→ **Exercise objective**
Give exactly the lines from the one that contains "于医学部2号楼241教室成功" through the end of the entries below, both included; the pictures stay out.

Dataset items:
※ ※ ※

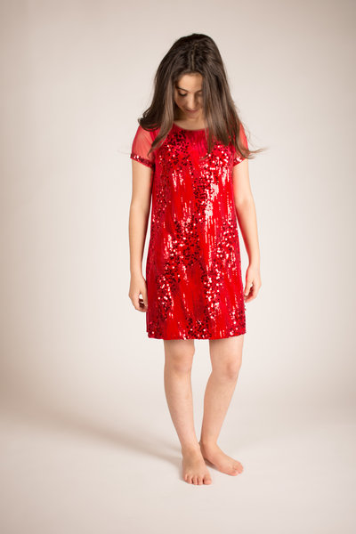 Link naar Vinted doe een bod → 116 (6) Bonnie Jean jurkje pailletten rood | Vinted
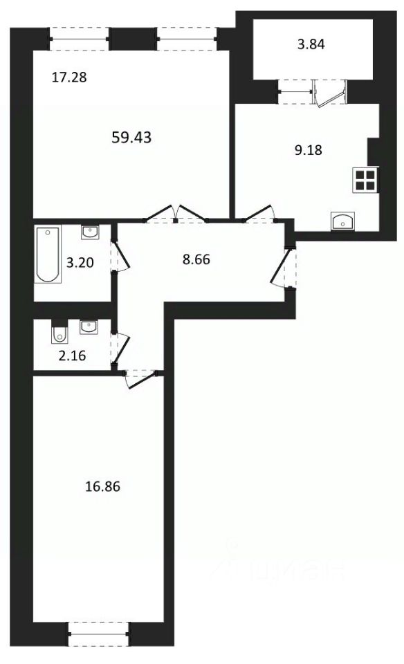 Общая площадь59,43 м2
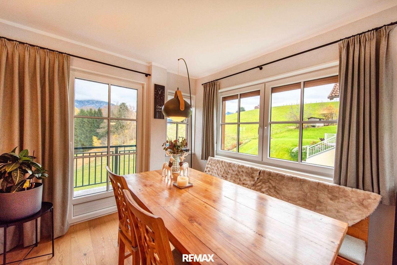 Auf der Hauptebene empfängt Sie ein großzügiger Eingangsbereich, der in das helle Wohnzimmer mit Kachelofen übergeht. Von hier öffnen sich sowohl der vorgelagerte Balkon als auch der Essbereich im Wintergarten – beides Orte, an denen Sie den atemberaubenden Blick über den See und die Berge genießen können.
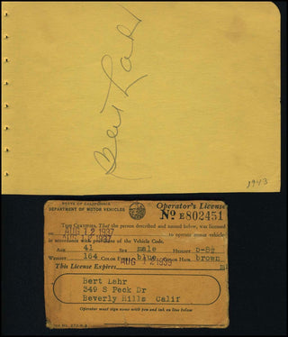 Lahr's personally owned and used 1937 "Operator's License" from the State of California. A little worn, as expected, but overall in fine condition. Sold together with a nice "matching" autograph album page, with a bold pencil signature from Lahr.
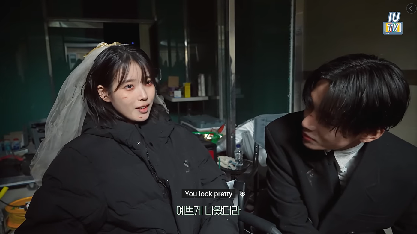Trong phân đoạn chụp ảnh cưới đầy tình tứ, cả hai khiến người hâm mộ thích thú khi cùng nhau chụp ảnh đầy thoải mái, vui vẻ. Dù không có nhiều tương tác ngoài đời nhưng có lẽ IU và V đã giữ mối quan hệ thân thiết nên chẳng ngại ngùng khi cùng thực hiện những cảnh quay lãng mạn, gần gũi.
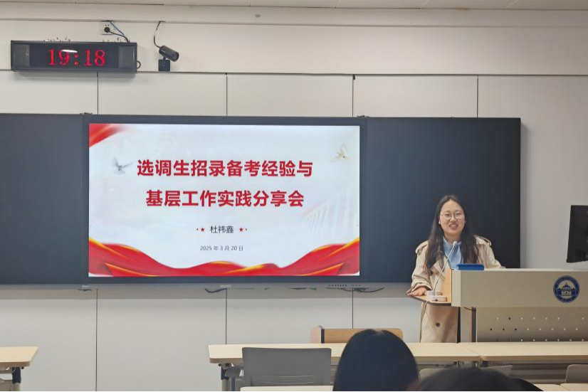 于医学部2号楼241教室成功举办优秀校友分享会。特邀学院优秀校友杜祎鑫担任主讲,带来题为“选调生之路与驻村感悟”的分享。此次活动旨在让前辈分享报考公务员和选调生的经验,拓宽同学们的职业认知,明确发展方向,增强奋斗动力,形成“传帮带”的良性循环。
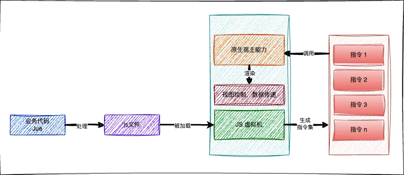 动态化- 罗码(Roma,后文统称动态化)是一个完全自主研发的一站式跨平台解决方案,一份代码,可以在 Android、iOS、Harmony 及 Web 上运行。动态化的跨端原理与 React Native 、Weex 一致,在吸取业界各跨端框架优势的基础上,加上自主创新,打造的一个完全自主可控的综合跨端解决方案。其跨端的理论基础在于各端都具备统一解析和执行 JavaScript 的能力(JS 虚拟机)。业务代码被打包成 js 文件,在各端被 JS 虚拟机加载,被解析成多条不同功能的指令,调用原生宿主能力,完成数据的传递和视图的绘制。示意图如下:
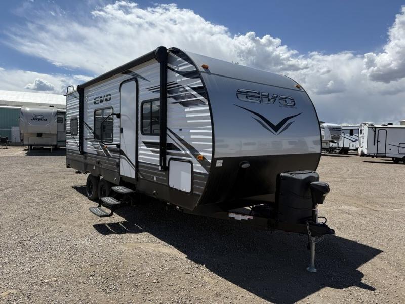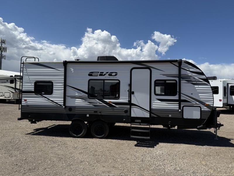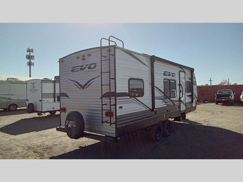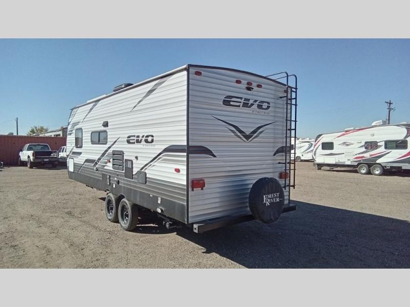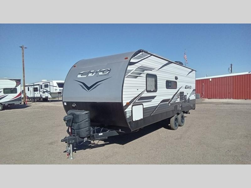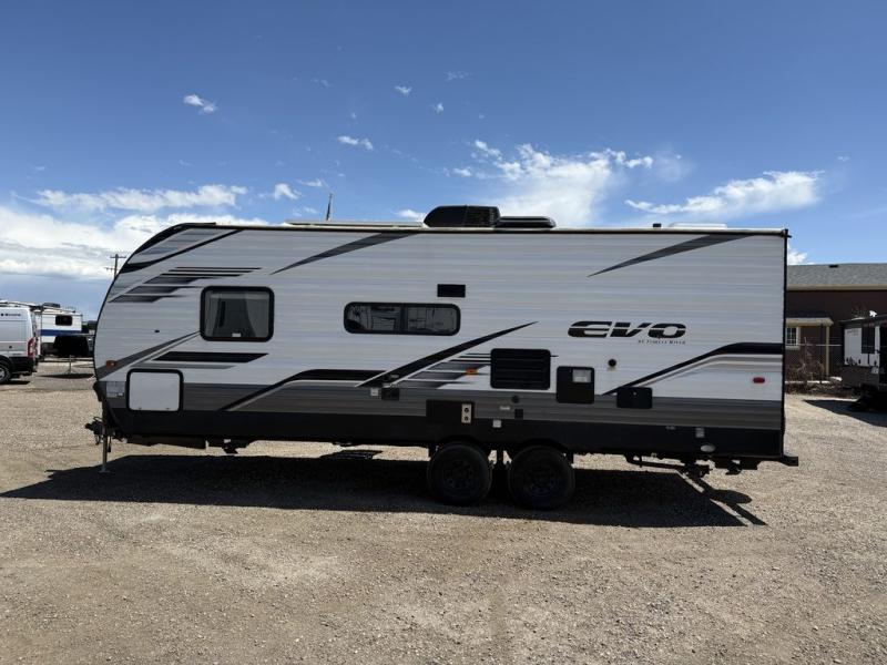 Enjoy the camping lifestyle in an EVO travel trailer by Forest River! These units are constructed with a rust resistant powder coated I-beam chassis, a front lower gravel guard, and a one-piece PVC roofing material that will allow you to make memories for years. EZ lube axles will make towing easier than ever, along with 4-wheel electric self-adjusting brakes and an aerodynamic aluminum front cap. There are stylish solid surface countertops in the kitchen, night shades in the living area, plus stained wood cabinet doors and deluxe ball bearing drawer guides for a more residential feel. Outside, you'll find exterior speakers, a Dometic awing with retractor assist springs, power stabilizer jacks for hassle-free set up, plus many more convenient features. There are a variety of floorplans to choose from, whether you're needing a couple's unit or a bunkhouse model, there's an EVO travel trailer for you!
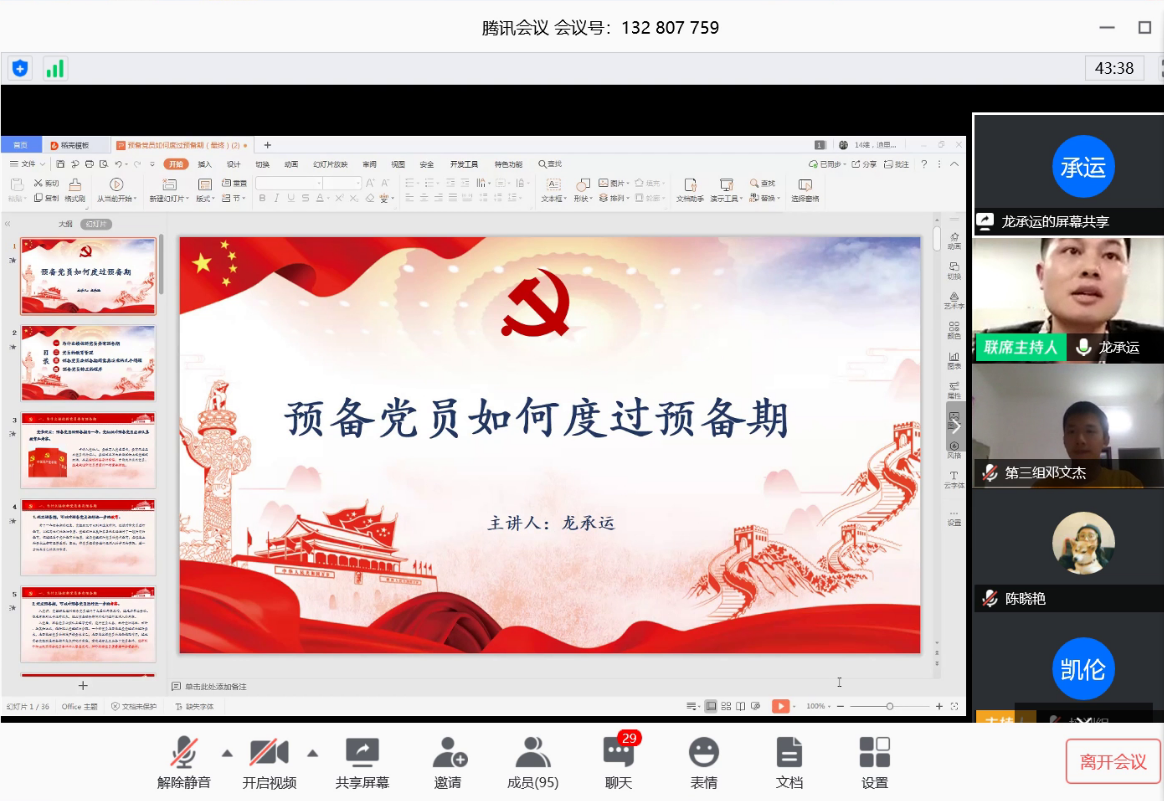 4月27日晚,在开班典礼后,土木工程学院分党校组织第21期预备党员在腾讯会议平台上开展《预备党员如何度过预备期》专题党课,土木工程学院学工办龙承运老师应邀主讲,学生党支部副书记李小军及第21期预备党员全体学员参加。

※ ※ ※

→ **Task solution**
 于医学部2号楼241教室成功举办优秀校友分享会。特邀学院优秀校友杜祎鑫担任主讲,带来题为“选调生之路与驻村感悟”的分享。此次活动旨在让前辈分享报考公务员和选调生的经验,拓宽同学们的职业认知,明确发展方向,增强奋斗动力,形成“传帮带”的良性循环。
 动态化- 罗码(Roma,后文统称动态化)是一个完全自主研发的一站式跨平台解决方案,一份代码,可以在 Android、iOS、Harmony 及 Web 上运行。动态化的跨端原理与 React Native 、Weex 一致,在吸取业界各跨端框架优势的基础上,加上自主创新,打造的一个完全自主可控的综合跨端解决方案。其跨端的理论基础在于各端都具备统一解析和执行 JavaScript 的能力(JS 虚拟机)。业务代码被打包成 js 文件,在各端被 JS 虚拟机加载,被解析成多条不同功能的指令,调用原生宿主能力,完成数据的传递和视图的绘制。示意图如下:
 Enjoy the camping lifestyle in an EVO travel trailer by Forest River! These units are constructed with a rust resistant powder coated I-beam chassis, a front lower gravel guard, and a one-piece PVC roofing material that will allow you to make memories for years. EZ lube axles will make towing easier than ever, along with 4-wheel electric self-adjusting brakes and an aerodynamic aluminum front cap. There are stylish solid surface countertops in the kitchen, night shades in the living area, plus stained wood cabinet doors and deluxe ball bearing drawer guides for a more residential feel. Outside, you'll find exterior speakers, a Dometic awing with retractor assist springs, power stabilizer jacks for hassle-free set up, plus many more convenient features. There are a variety of floorplans to choose from, whether you're needing a couple's unit or a bunkhouse model, there's an EVO travel trailer for you!
 4月27日晚,在开班典礼后,土木工程学院分党校组织第21期预备党员在腾讯会议平台上开展《预备党员如何度过预备期》专题党课,土木工程学院学工办龙承运老师应邀主讲,学生党支部副书记李小军及第21期预备党员全体学员参加。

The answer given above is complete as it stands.